To to try this out, you can run a local Streamlit application that communicates with the Covalent backend.
- Make a conda environment with:
covalent-cloud>=0.65.1
streamlit==1.35.0
torch==2.2.2
transformers==4.39.3
-
Run the
chatbot-backend.ipynb
notebook to deploy the GPU Backend with Covalent. -
Run the command
streamlit run chatbot-frontend.py
to start the local Streamlit app. -
Copy-paste the deployment address and API key into the app's "Settings" sidebar.
That's all. You can now chat with Curtis Covalent!
This example is designed to run a Llama-based chatbot. There are two adjustable settings:
MEMORY_LENGTH = 50
MAX_RESPONSE_TOKENS = 275
The memory length determines the number of prior messages (one prompt-response pair equals 2 messages) that the chat bot "remembers". The chatbot's memory lives in the Streamlit app cache, so refreshing the app window will clear the bot's memory. The maximum number of response tokens determines the length of the response.

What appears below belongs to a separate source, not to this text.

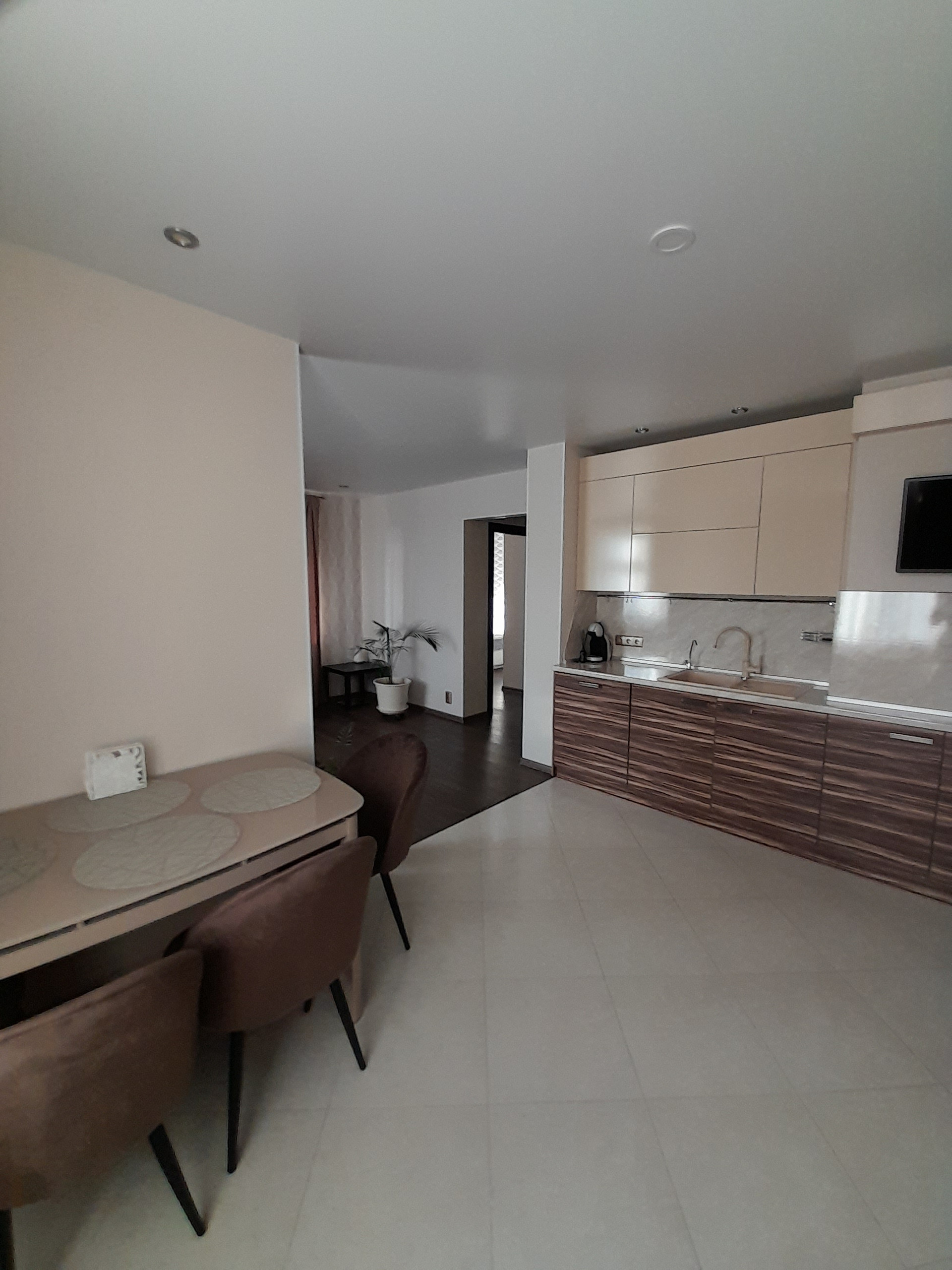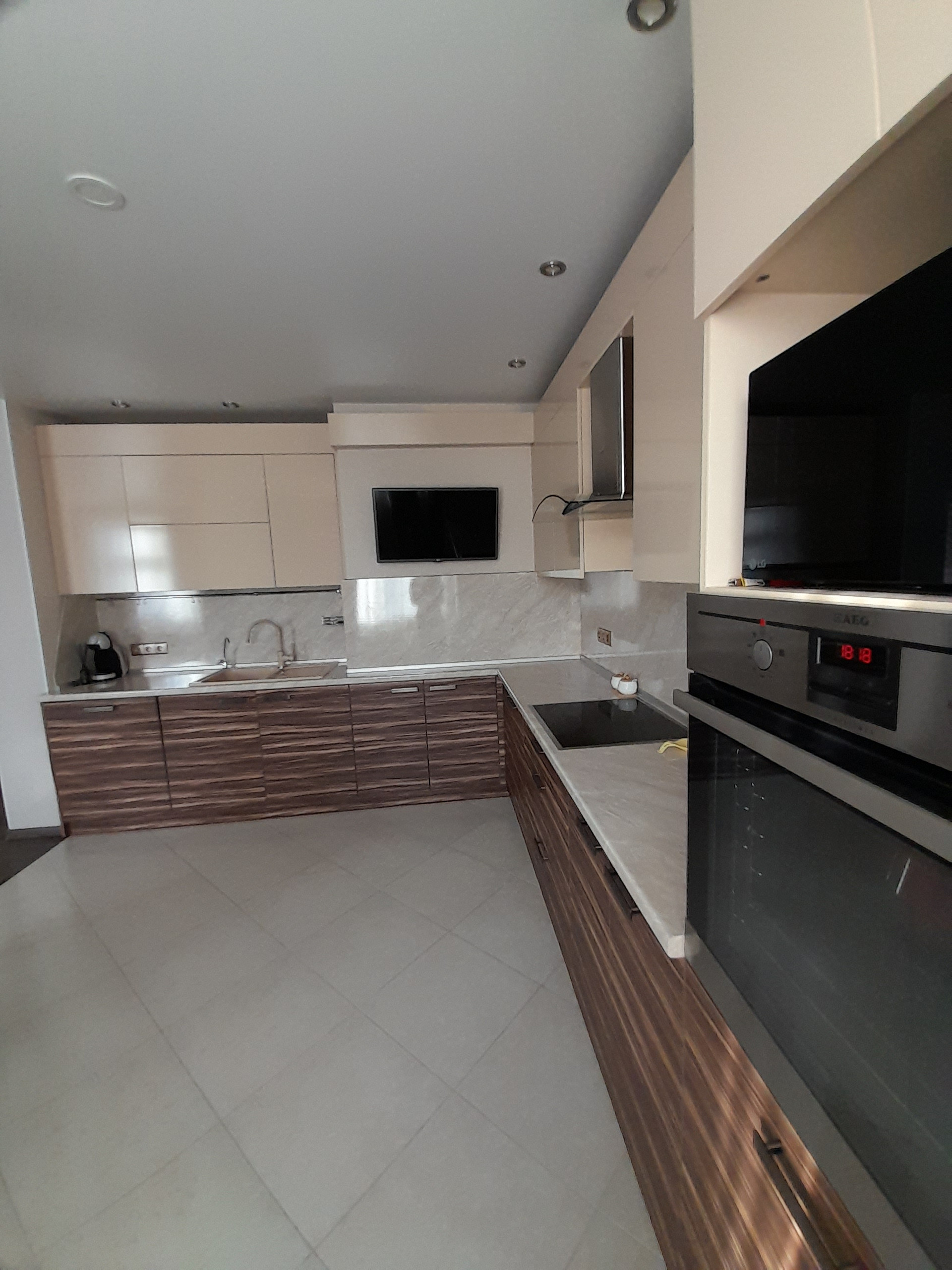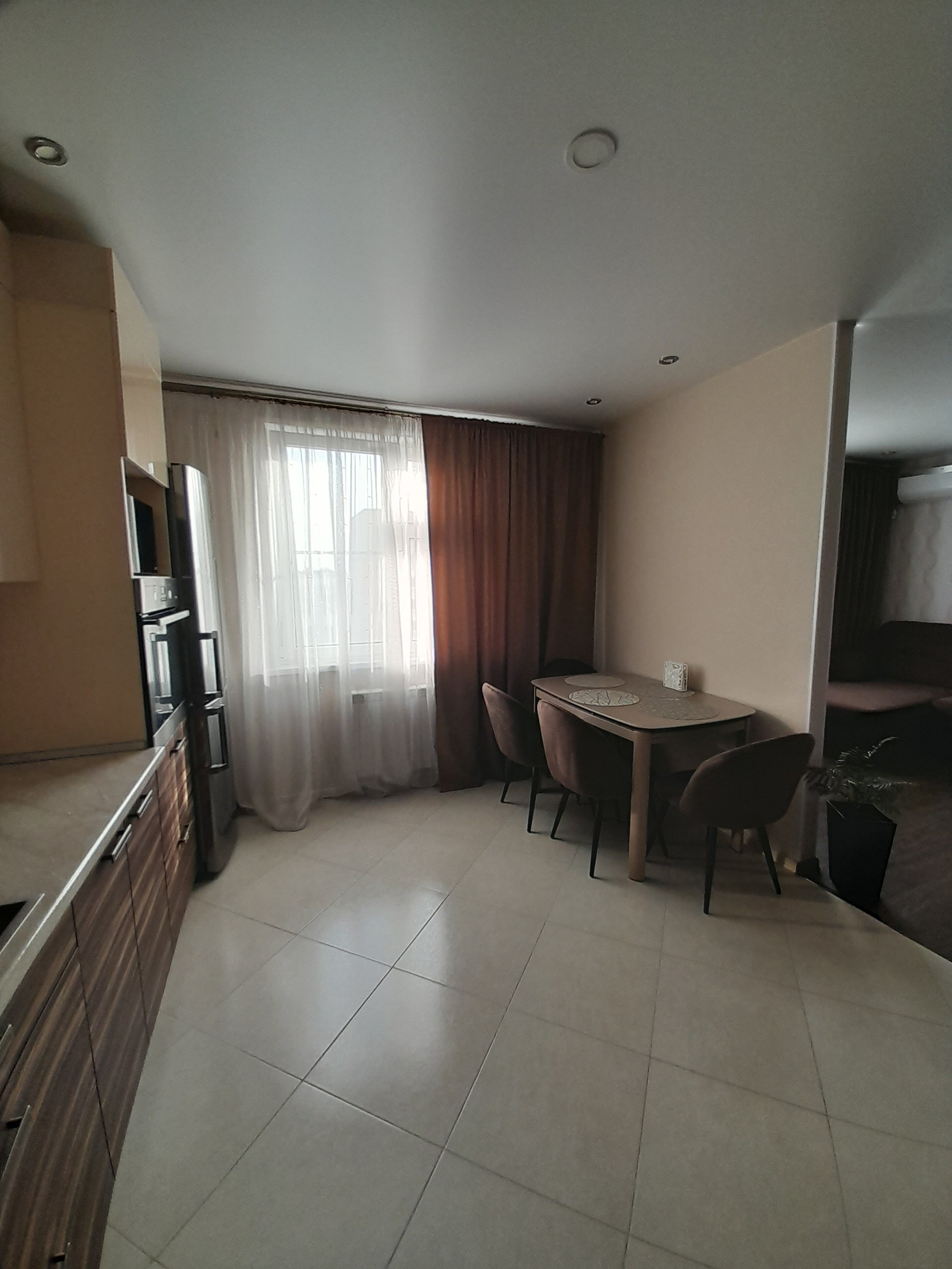 Кухня оборудована всем необходимым, есть варочная панель, духовой шкаф,, посудомоечная машина, телевизор, холодильник

The model is prompted as follows.
LLAMA_PROMPT_TEMPLATE = """<s>[INST] <<SYS>>
You are a friendly Canadian chatbot named 'Curtis Covalent'. Introduce yourself as such.
Please consider the message history below, then provide a brief and polite response.
<</SYS>>
{message_memory} [/INST] """ # NOTE: trailing space is important!
The message_memory
field is a formatted reproduction of the chat displayed to the user.
The app will play a screen animation if the words "snow" or "balloons" are detected in the bot's response.